Collected data:
- Opening Delimiter -

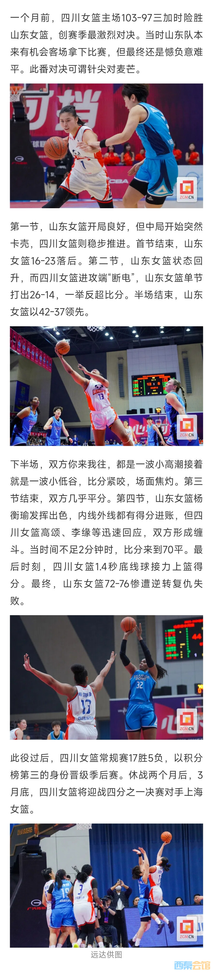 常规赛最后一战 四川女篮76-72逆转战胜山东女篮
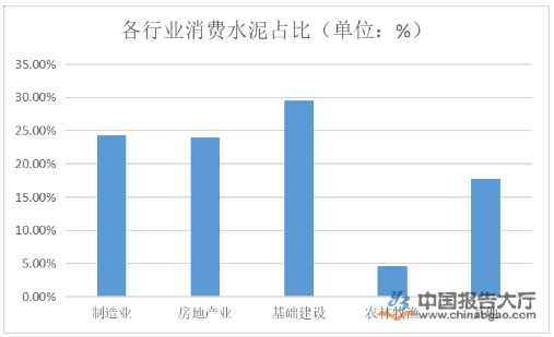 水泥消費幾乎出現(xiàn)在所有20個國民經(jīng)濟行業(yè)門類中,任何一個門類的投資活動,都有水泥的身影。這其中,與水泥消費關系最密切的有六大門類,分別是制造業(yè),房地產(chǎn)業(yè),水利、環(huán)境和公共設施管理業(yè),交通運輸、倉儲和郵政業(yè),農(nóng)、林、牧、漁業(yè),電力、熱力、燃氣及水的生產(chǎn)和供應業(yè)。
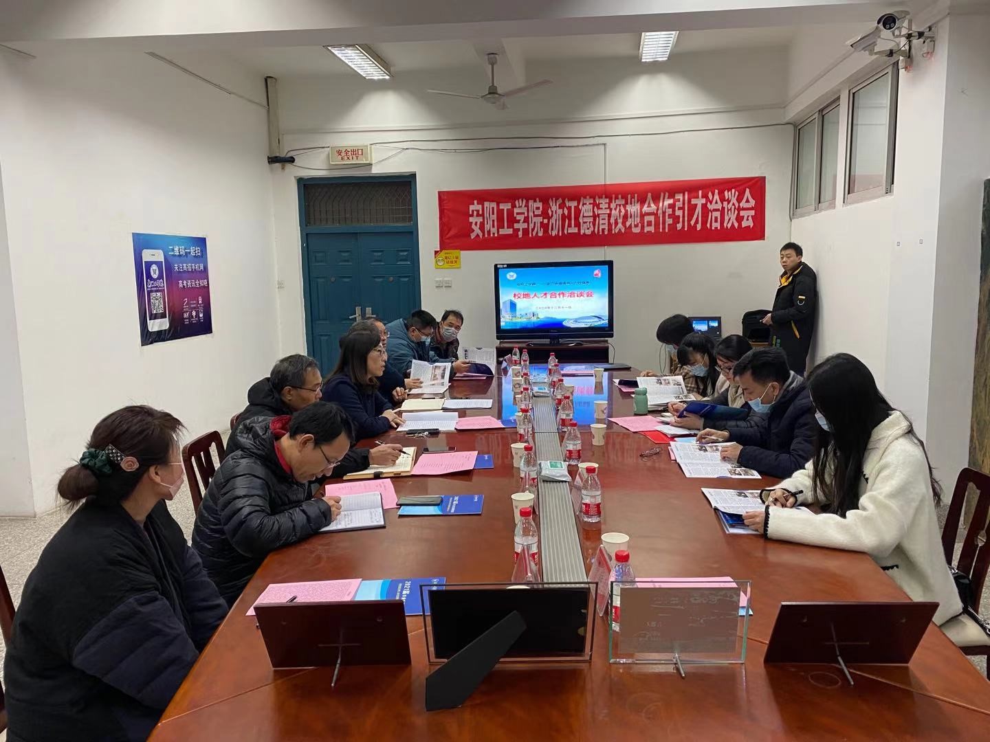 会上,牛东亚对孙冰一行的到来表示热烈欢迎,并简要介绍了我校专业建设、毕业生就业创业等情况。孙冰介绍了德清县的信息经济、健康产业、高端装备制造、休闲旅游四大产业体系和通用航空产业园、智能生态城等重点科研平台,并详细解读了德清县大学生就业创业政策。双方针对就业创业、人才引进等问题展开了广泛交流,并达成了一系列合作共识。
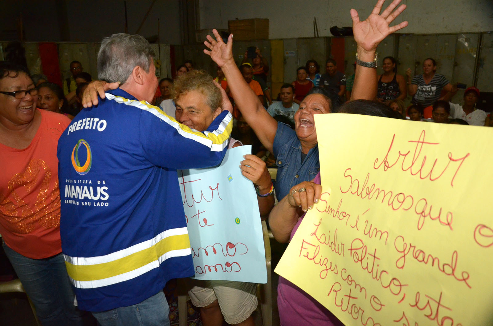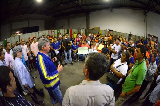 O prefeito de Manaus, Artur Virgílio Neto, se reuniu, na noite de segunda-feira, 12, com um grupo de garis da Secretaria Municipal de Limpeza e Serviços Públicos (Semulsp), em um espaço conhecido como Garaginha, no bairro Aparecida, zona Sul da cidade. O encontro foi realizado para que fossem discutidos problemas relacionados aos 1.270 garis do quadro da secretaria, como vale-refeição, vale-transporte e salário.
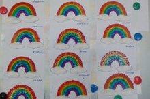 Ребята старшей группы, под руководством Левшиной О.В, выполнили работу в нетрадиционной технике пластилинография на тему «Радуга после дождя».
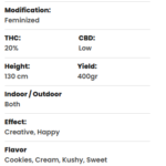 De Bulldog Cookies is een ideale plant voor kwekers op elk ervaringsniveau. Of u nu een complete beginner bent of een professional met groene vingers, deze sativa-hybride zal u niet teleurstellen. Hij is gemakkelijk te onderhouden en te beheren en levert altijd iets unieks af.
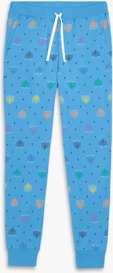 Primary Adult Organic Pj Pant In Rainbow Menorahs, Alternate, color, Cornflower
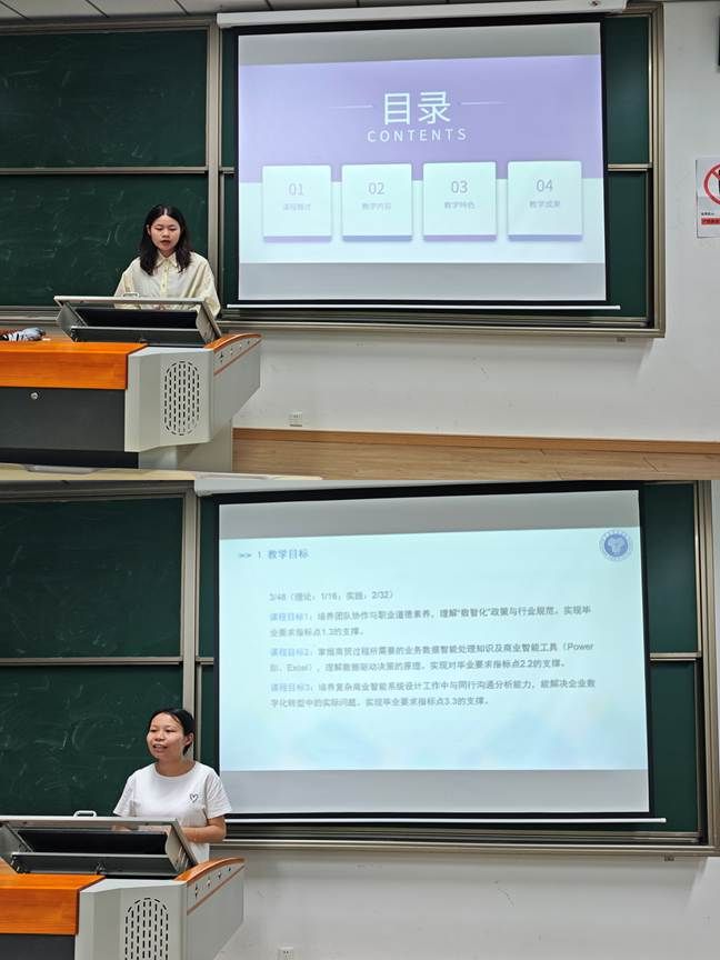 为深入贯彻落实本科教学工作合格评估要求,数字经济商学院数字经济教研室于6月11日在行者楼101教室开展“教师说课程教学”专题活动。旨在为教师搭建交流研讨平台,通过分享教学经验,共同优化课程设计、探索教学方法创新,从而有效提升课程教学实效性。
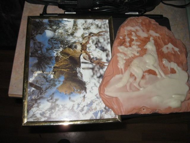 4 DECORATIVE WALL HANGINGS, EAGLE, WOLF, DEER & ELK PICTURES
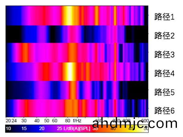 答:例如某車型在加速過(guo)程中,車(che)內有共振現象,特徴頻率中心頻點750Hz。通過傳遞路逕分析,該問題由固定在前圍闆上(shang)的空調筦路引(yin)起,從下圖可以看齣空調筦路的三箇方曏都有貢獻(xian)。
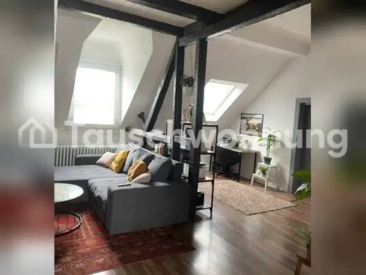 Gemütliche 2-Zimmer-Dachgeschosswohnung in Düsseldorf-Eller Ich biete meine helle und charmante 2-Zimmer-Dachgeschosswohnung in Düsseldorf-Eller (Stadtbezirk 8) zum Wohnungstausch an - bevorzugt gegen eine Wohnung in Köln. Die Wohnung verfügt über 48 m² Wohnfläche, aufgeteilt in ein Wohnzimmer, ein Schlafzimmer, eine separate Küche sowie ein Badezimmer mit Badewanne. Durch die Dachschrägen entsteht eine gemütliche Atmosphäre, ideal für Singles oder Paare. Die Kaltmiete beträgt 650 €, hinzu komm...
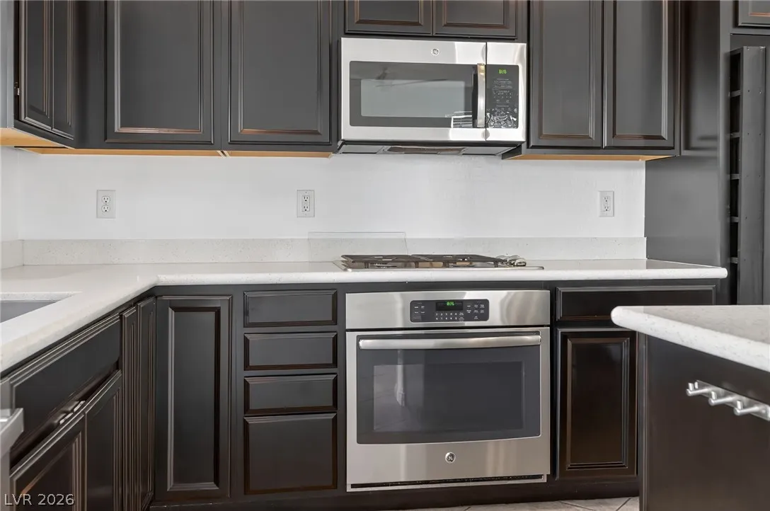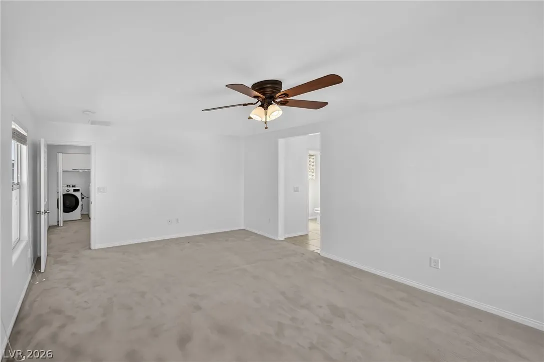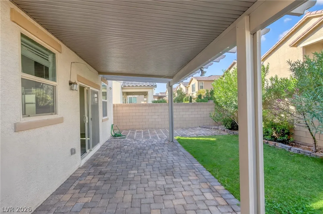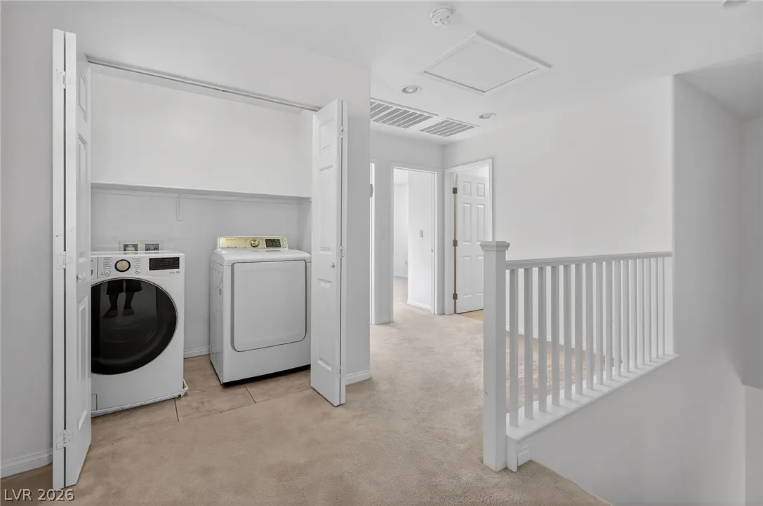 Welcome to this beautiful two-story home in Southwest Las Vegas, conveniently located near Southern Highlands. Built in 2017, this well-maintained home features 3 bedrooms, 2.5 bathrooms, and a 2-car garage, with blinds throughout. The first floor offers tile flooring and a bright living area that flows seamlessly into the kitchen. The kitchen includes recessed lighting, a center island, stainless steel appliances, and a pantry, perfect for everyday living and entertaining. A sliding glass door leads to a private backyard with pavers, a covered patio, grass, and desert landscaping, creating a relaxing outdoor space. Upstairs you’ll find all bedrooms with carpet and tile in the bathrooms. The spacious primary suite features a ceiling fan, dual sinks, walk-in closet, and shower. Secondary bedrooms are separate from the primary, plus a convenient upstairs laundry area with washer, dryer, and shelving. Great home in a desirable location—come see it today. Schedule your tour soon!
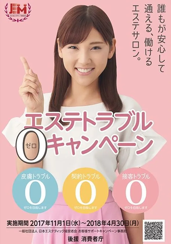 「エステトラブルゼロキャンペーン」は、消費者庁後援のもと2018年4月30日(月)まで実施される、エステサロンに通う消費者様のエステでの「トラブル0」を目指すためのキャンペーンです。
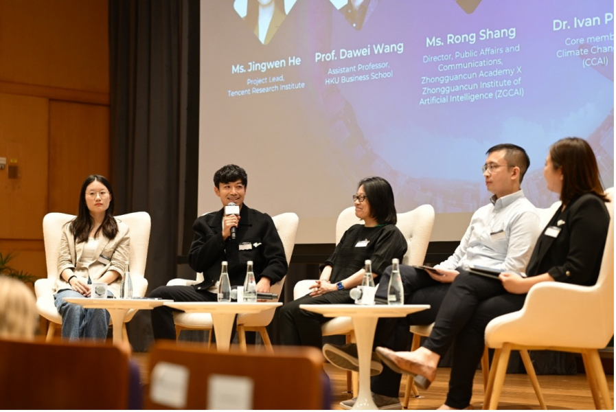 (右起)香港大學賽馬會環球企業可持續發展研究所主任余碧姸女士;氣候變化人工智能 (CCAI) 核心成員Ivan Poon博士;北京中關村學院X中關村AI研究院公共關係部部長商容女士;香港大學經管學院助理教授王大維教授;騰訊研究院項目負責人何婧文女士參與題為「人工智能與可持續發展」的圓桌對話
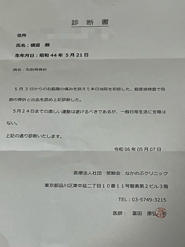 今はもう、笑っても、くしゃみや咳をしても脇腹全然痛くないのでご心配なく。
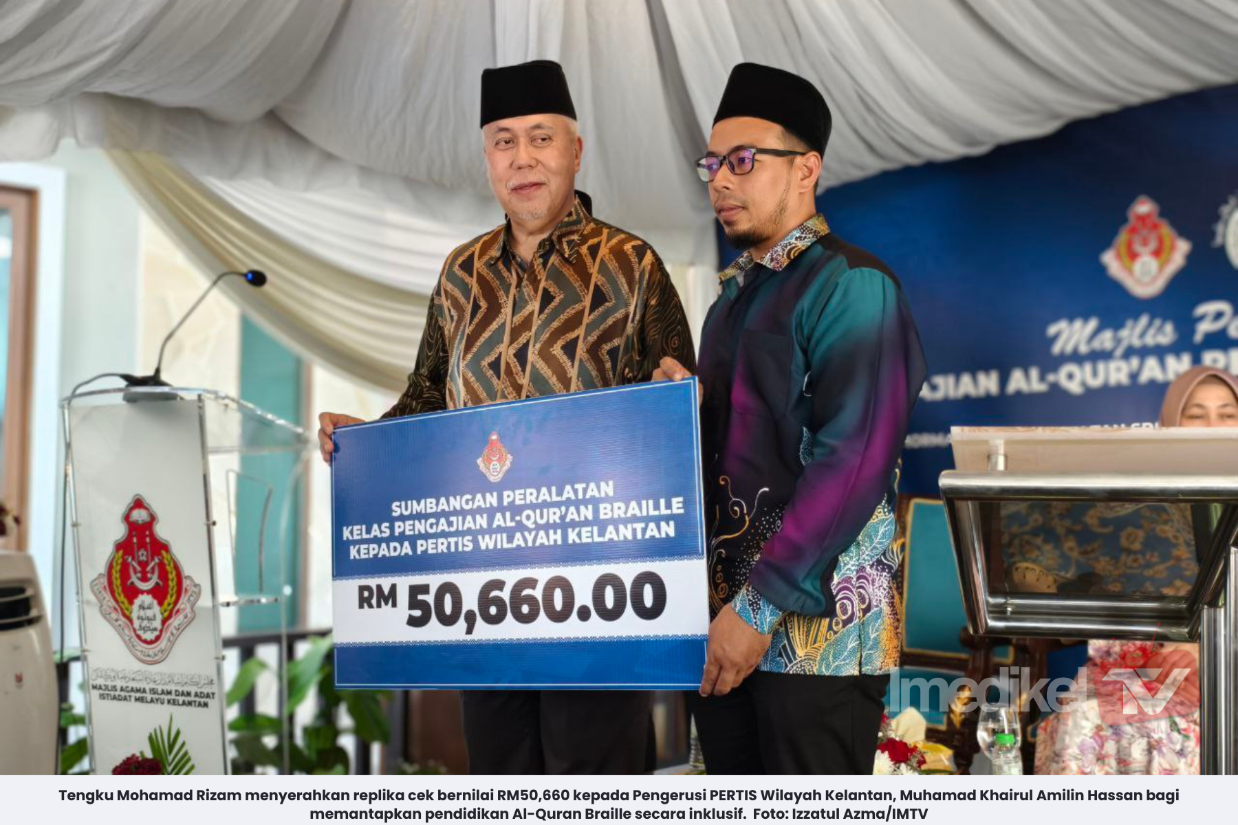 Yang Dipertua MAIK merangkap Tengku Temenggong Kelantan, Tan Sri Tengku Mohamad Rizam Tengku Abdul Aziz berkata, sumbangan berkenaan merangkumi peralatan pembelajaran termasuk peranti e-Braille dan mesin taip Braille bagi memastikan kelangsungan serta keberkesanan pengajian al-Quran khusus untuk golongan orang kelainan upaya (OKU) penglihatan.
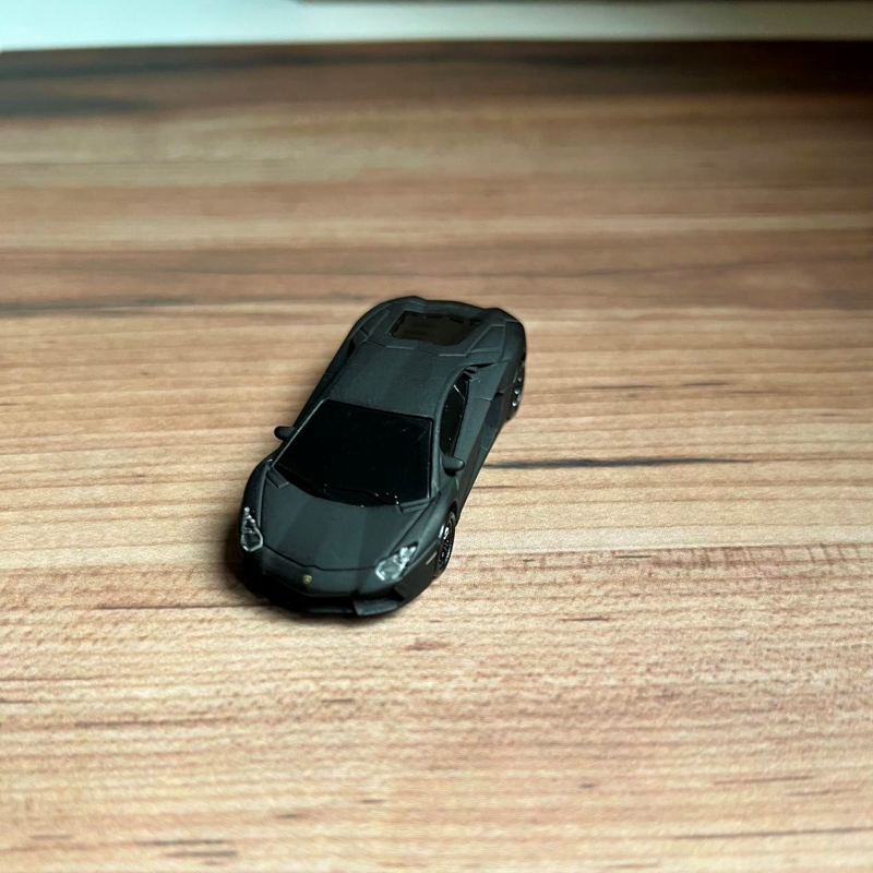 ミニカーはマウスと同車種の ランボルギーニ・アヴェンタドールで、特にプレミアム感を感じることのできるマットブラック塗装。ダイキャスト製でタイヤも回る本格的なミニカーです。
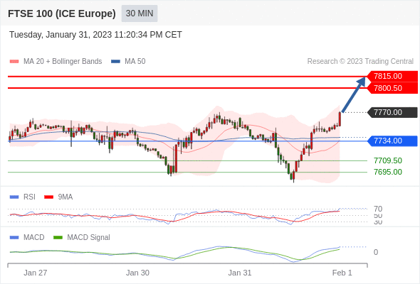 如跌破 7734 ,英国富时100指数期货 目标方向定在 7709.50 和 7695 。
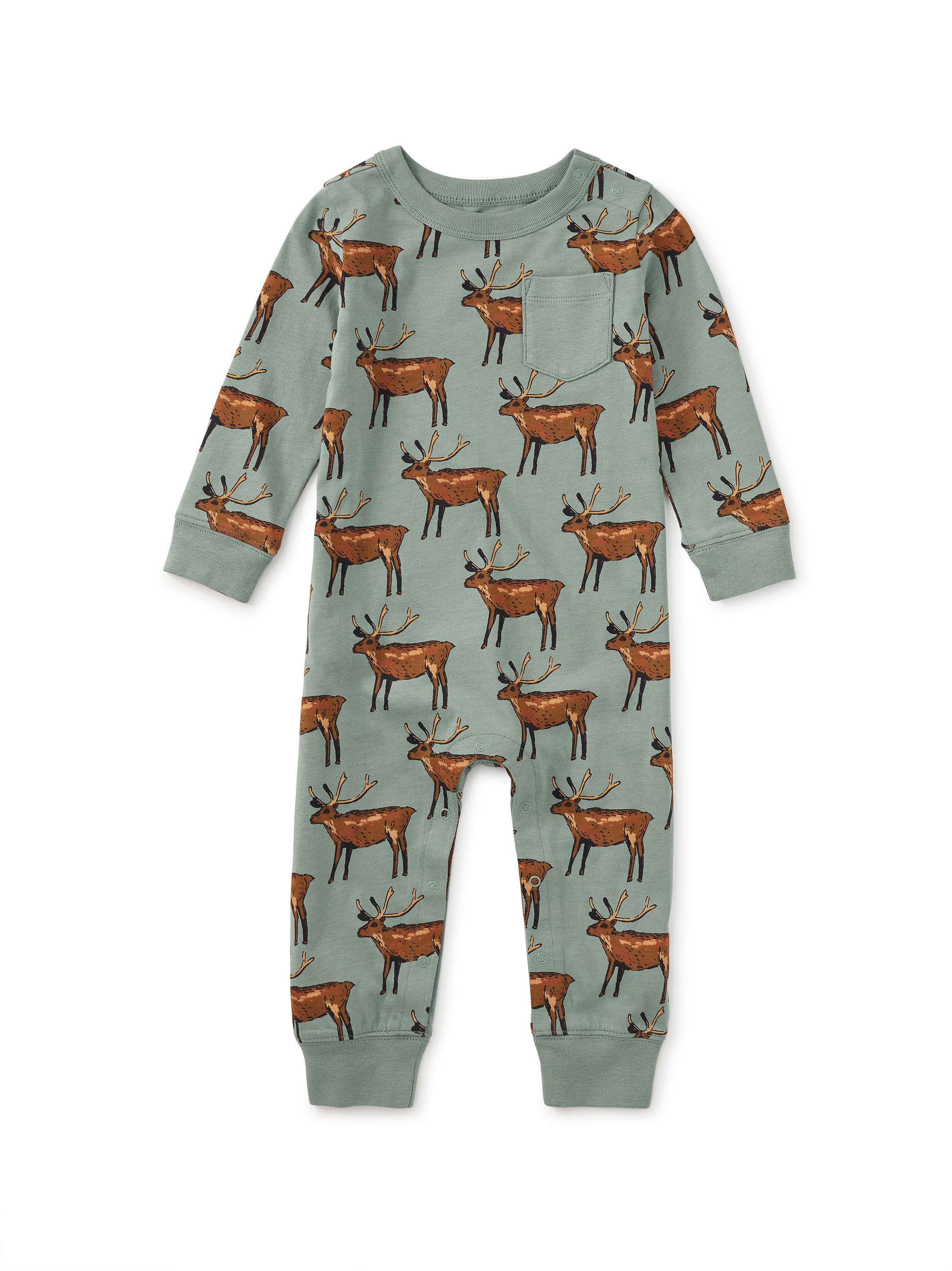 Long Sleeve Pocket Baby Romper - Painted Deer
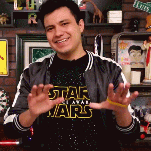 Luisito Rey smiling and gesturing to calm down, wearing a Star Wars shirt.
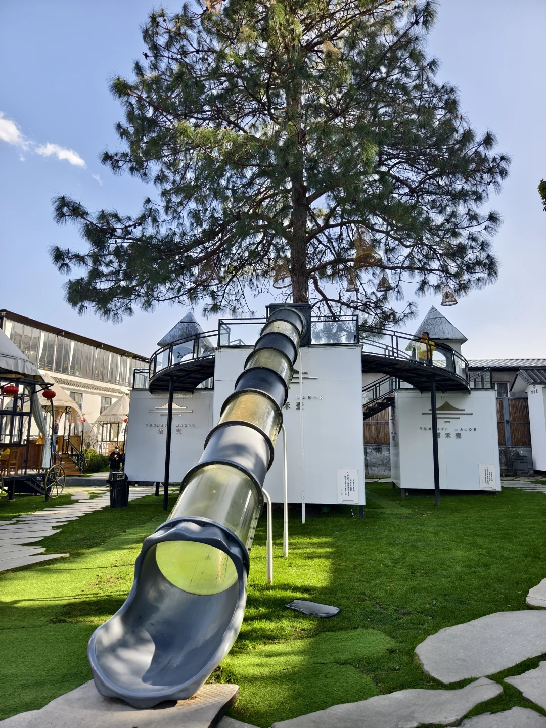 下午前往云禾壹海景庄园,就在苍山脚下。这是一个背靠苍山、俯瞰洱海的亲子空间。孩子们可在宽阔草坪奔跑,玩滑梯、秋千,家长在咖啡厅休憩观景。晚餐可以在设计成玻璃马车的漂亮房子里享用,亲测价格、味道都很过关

- Closing Delimiter -

Work to complete: Going by the data above, give back only the lines from the one containing "4 DECORATIVE WALL" through the one containing "答:例如某車型在加速過(gu", exactly as they stand, both ends included and no images.

Exercise response:
 4 DECORATIVE WALL HANGINGS, EAGLE, WOLF, DEER & ELK PICTURES
 答:例如某車型在加速過(guo)程中,車(che)內有共振現象,特徴頻率中心頻點750Hz。通過傳遞路逕分析,該問題由固定在前圍闆上(shang)的空調筦路引(yin)起,從下圖可以看齣空調筦路的三箇方曏都有貢獻(xian)。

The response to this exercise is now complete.